Most level 2 package managers share a great deal of tasks, such as solving dependency problems. Merging level 2 package management and level 3 package management would enable us to reduce the number of dependency problem solvers and combine our efforts into a few package managers. Such an implementation would need to be written in C and support all common level 1 package managers in order to be successful. As some might have guessed, this is what I plan to do with the project codenamed APT2, although work is not progressing very fast.

### PS: Back from vacation

I spent the more than the complete last week in (mostly rainy) Corfu, Greece and am now getting back to my usual development stuff. I have already processed my news & blogs backlog (1000+ messages) and will now start with my email backlog, so don’t be angry if the answer to your email takes some time.

Written by Julian Andres Klode

October 20, 2010 at 17:01

Posted in APT2, General

## APT2 is now UPS

APT2 is now called UPS (Universal Package System). The name is inspired by the company that delivers packages in those brown trucks and from the Image Packaging System (IPS) of OpenSolaris; and mvo writing ups after I proposed upt (über package tool) in IRC. It’s definitely better than my first thought which was ‘moo’ (and libmoo).

Update: OK, let’s cancel this rename insanity.

Written by Julian Andres Klode

August 13, 2010 at 21:15

Posted in APT2

## APT2 – this time in C

As I wrote a few hours ago on deity@l.d.o (see http://lists.debian.org/deity/2010/08/msg00057.html), APT2 is back again. The first time, I tried Vala; but this time I wrote it in C (with the help of GLib, but no GObject) and the cache uses GVariant instead of an SQLite database. It’s really basic at the moment (no solver, package installation/removal), but it will improve. Read operation should be faster than with APT, although writes are slower (this will be fixed by reusing unchanged parts of the cache).

See the announcement for further information.

Written by Julian Andres Klode

August 11, 2010 at 21:22

Posted in APT2

## The previous post

Well, it seems that several news sites (golem.de, pro-linux.de, linux-magazin.de, linux-magazine.com, ubuntu-user.de [the last ones all from the same publishing house]), especially German ones have picked up the last blog post with same false impressions.

First, they stated that I am planning an APT2 release for Christmas. They took the statement

[...] the internal branch has seen a lot of new code[...]. Most of the code will need to be reworked before it will be published, but I hope to have this completed until Christmas.

as a proof for this. But in the context of this paragraph, ‘publish’ was not meant in the term of publishing a release, but in the term of publishing the code (of the internal branch) in the public repository. The code is public now and lives in a ‘temp’ branch and will be reworked there for inclusion in the master branch.

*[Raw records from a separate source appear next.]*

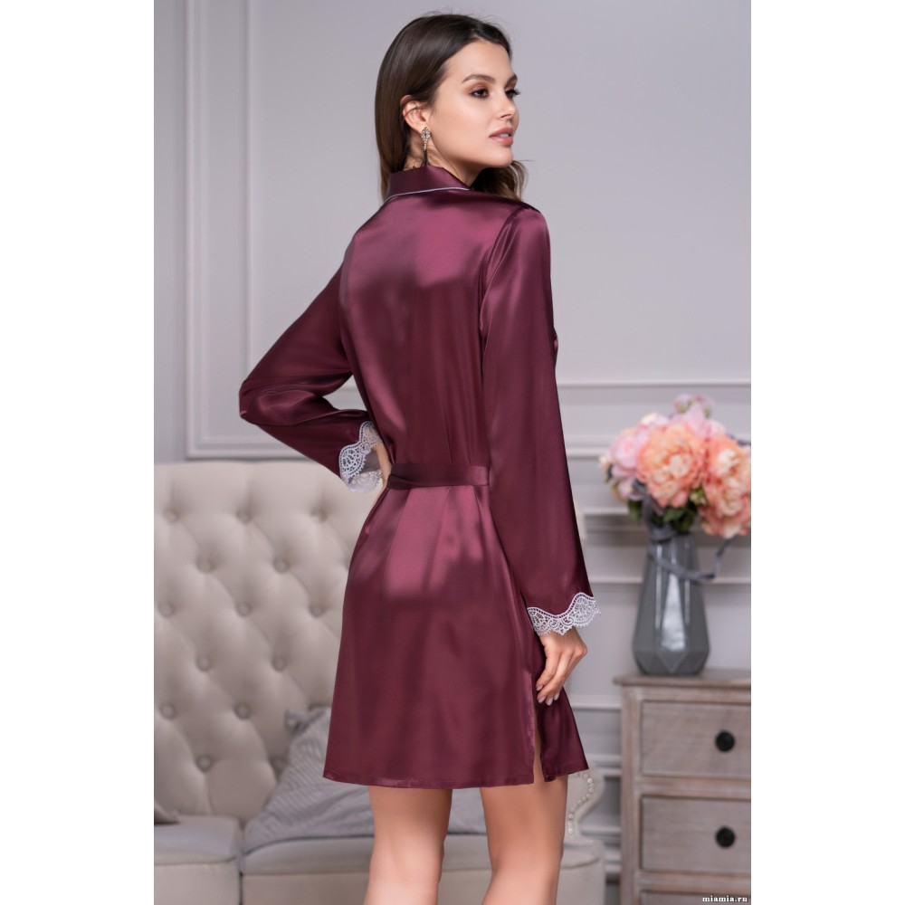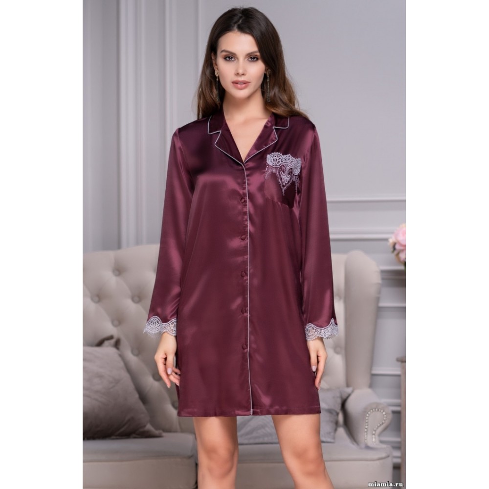 Халат-сорочка "Лаура" 3297 від Mia-Amore з довгим рукавом, виконаний з однотонного смесового шовку. Оздоблення у вигляді контрастного канта по краях борту. Низ рукавів оброблений вузьким мереживом в колір вишивки. Верх накладного кишені прикрашений вишивкою. По низу розташовані невеликі розрізи. Виріб доповнено поясом з декоративними китицями на кінцях. Склад: 70% натуральний шовк, 25% поліестер, 5% еластан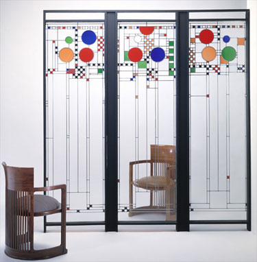 In 1988, Oakbrook Esser Studios was commissioned by the owners of the Coonley Playhouse to reproduce all of the home's art glass which had been previously sold at auction. Working together with the Frank Lloyd Wright Foundation and The National Center for the Study of Frank Lloyd Wright. Our craftsmen were able to create exact replicas of each of the thirty-nine art glass windows using original the documentation from the early 1900's.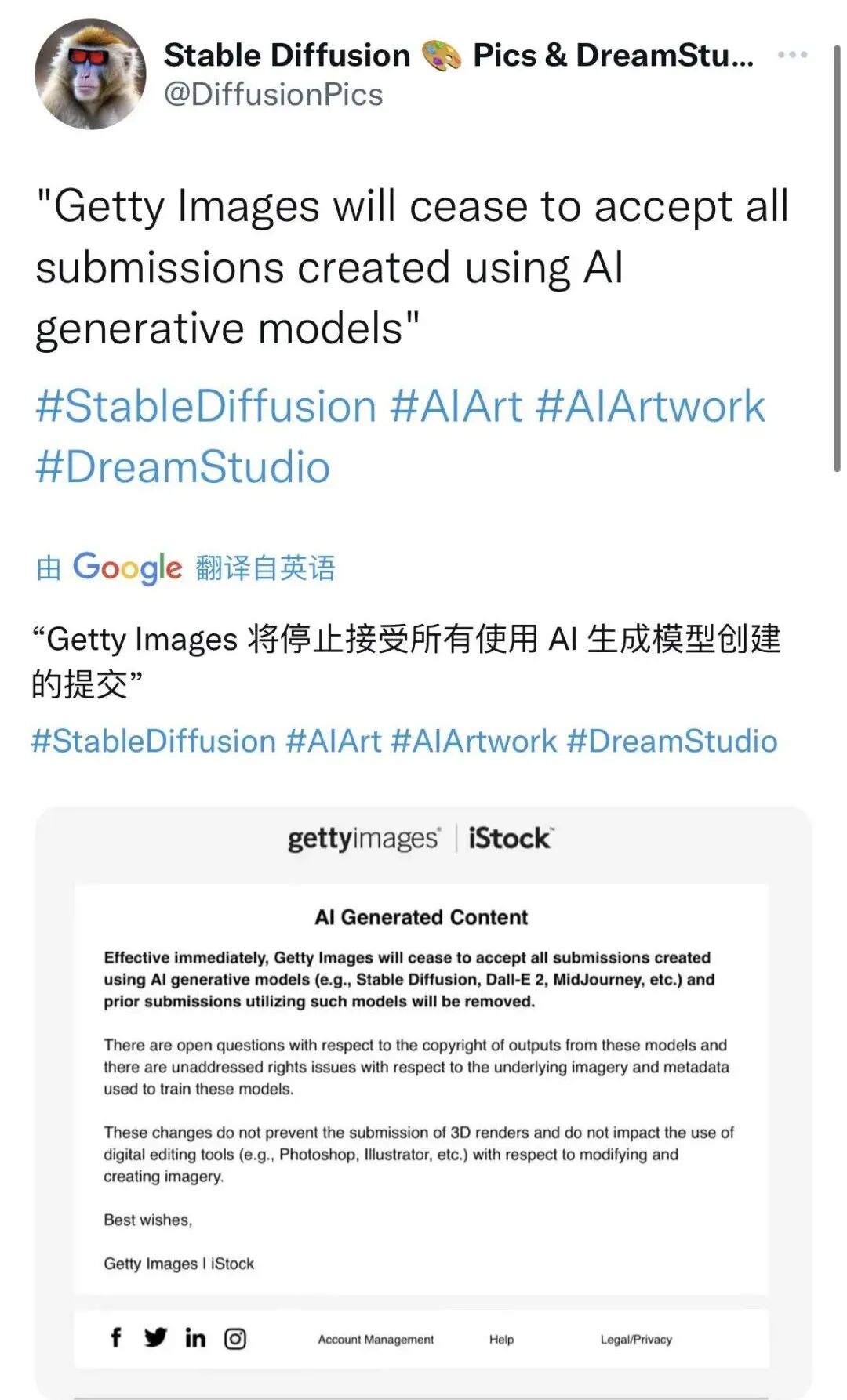 作为国外知名大型图库 Getty Images 在近日宣布禁止用户上传和销售使用 AI生成图片,其中包括但不限于 DALL-E、Midjourney 和 Stable Diffusion 等生成的插画图像,网站内存有的 AI 图像也将会被删除。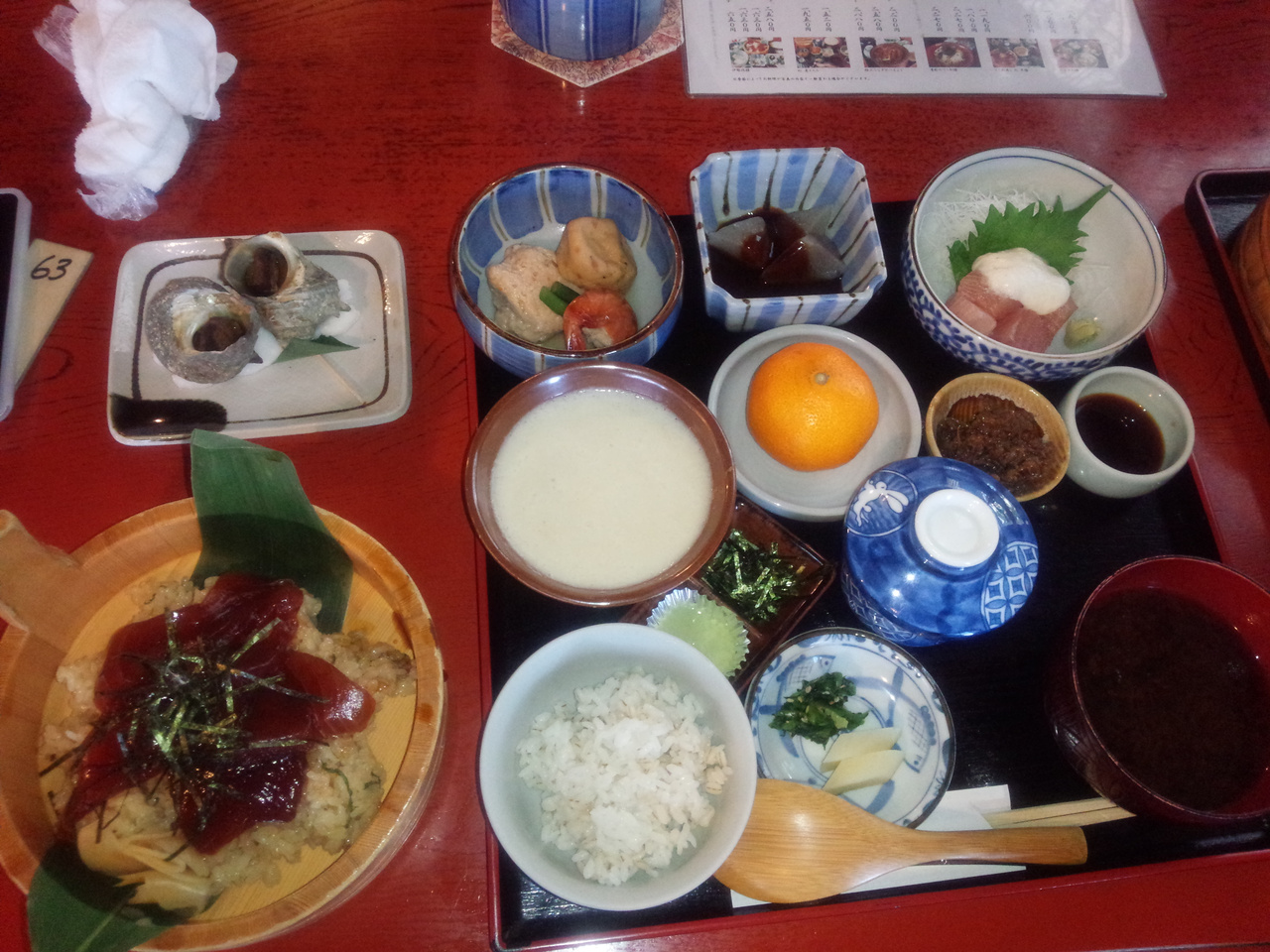 私は手こね寿司の梅(1,190円)にしましたがそれでもお腹一杯になり、他の物を買い食いできないくらいでしたが、伊勢路膳(2,580円)を1つ頼みましたが、凄いボリュームでした。とろろと手こね寿司その他の小鉢、刺身、炊き合わせがありサザエまでついて、他の物が買い食い出来なくなるのが難点です。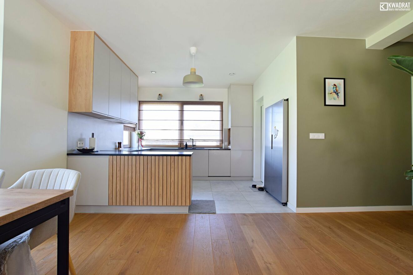 - Jasny, przestronny salon z aneksem kuchennym (41 m2) i wyjściem na taras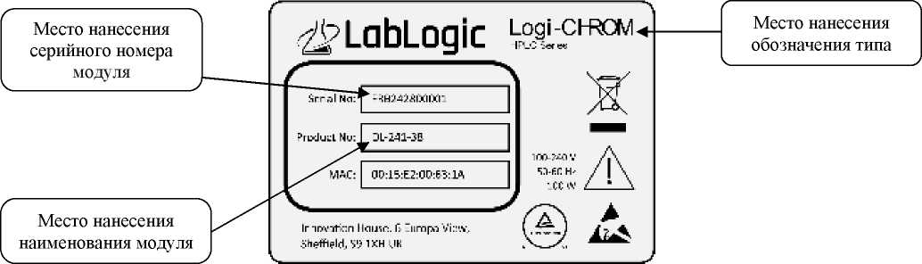 Обозначение типа хроматографа, наименование модуля и серийный номер модуля (в буквенно-цифровом формате) наносится на информационную табличку (шильд) методом печати при изготовлении. Табличка устанавливается на задней панели каждого модуля (кроме поддона), входящего в состав хроматографа.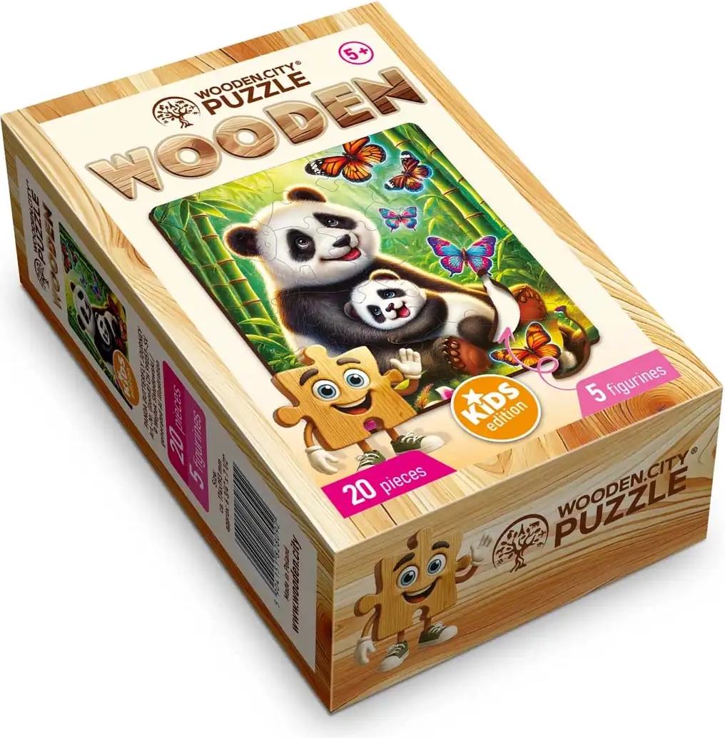 Te drewniane puzzle WOODEN CITY to idealny wybór na pierwsze układanki i jako miły prezent. Dzięki wysokiej jakości wykonania z wytrzymałego drewna oraz gładkim krawędziom świetnie leżą w dłoni, a układanie jest bezpieczne także dla młodszych dzieci. Urokliwy motyw pandy po ułożeniu tworzy atrakcyjną scenę o wymiarach ok. 17,4 × 19,3 cm.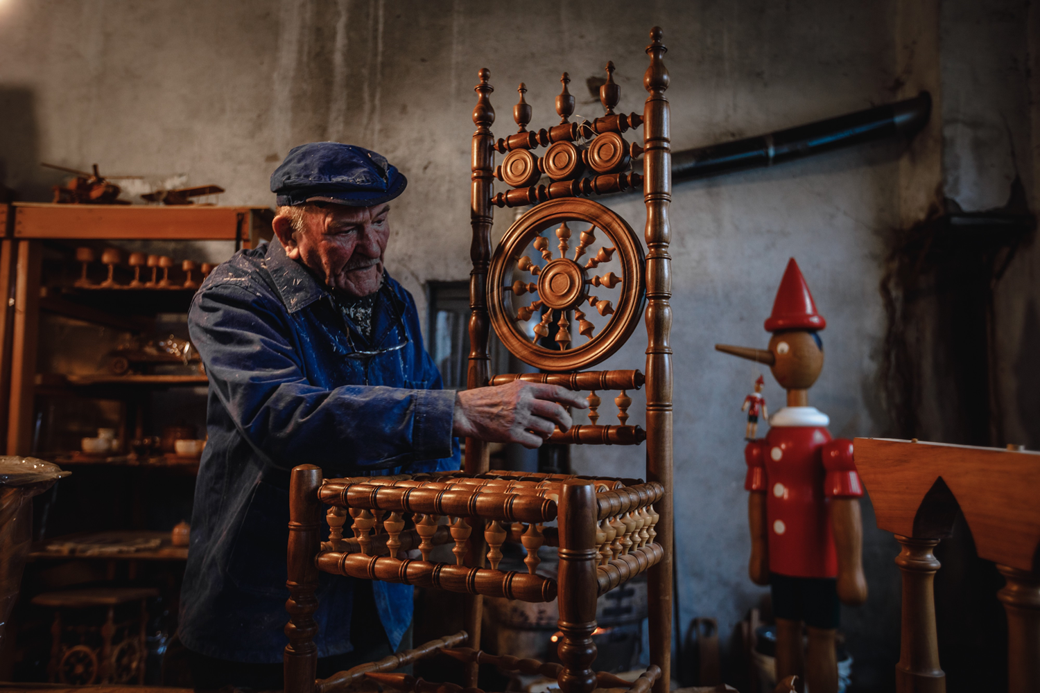 In his Arinthod workshop in the Jura department, Robert Marichy exhibits exceptional pieces such as this very ornate chair with skilfully assembled pieces or the twenty-three turned wood masterpieces of the ‘Meilleur Ouvrier de France’ (Best Worker in France) competition that he took on the challenge of reproducing. He also collects some favorite items visible on the shelves in the background. Among them, a collection of egg cups and eggs in one hundred and ten different species which illustrates the variety of the woods worked by this boxwood lover.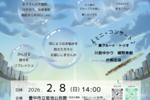 1,500円(焼菓子・お茶・ミニコンサート付き)お子さんが不登校、行き渋り、別室登校、 朝起きられないetc.…お悩みの保護者の方で 集まってお話ししませんか? プロの演奏家によるミニ・コンサート付きの会です。 不登校’sファミリー =お母さま、お父さま、おばあさま、おじいさま… どなたでもご参加いただけます。 ご自身はもちろん 皆さまの周りに対象の方がいらっしゃいましたら 🍀仲間がいること🍀 お知らせいただけました...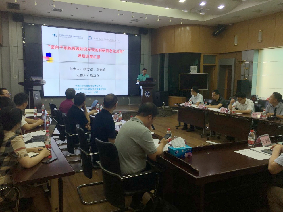 7月2日,中科院“十三五”信息化专项项目组在成都组织专家对中科院成都文献情报中心(简称“成都文献中心”)和中科院广州生物医药与健康研究院(简称“广州健康院”)共同承担的专项课题“面向干细胞领域知识发现的科研信息化应用”进行了中期评估检查。评估专家组由来自中科院计算技术研究所、中科院数学与系统科学研究院、电子科技大学、四川大学华西口腔医院、西南交通大学等单位的5位专家组成。中科院计算机网络信息中心副主任、专项项目组长迟学斌研究员等参加会议?;嵋橛芍锌圃撼啥嘉南浊楸ㄖ行闹魅?、课题负责人张志强主持。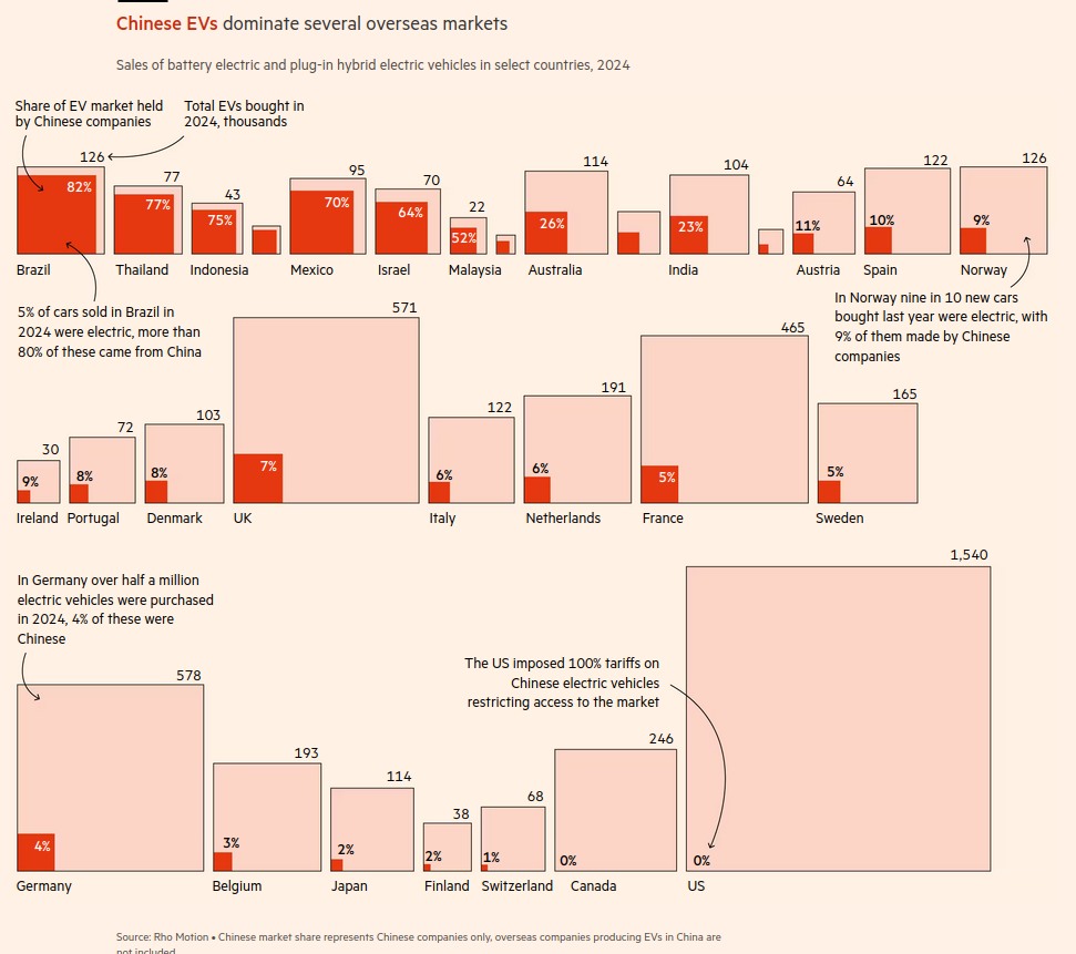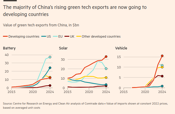 Secondo gli annunci aziendali e i bilanci raccolti da Climate Energy Finance, un gruppo di ricerca con sede a Sydney, dal 2023 le aziende cinesi hanno impegnato 156 miliardi di dollari in investimenti diretti all’estero, distribuiti in oltre 200 operazioni nel settore delle tecnologie pulite. Questo sforzo sta espandendo l’influenza politica ed economica di Pechino a livello globale, proprio mentre l’amministrazione Trump persegue una netta disconnessione dalle catene di approvvigionamento cinesi, sconvolgendo il commercio mondiale.

Secondly, those news sites called me an Ubuntu developer. While I do contribute to Ubuntu, and am an Ubuntu Member, I am NOT an Ubuntu Developer, as I am NOT a member of the relevant ubuntu-dev team at launchpad.

Thirdly, those who stated that speed is a goal (mostly pro-linux, at least from my understanding): It is not, at least not now. It is just a coincidence caused by using a relational database. Furthermore, the test was not really fair, since the other package managers both provide more information than capt; information which has yet to be made accessible in APT2. It was just an initial conclusion that SQLite is quite fast.

Please note that APT2 is a free time project in development, and the programming language used is still in development as well; as well as some other reverse dependencies. I should also state that neither Debian nor Ubuntu have any plans to drop apt at the moment; and APT is still actively developed.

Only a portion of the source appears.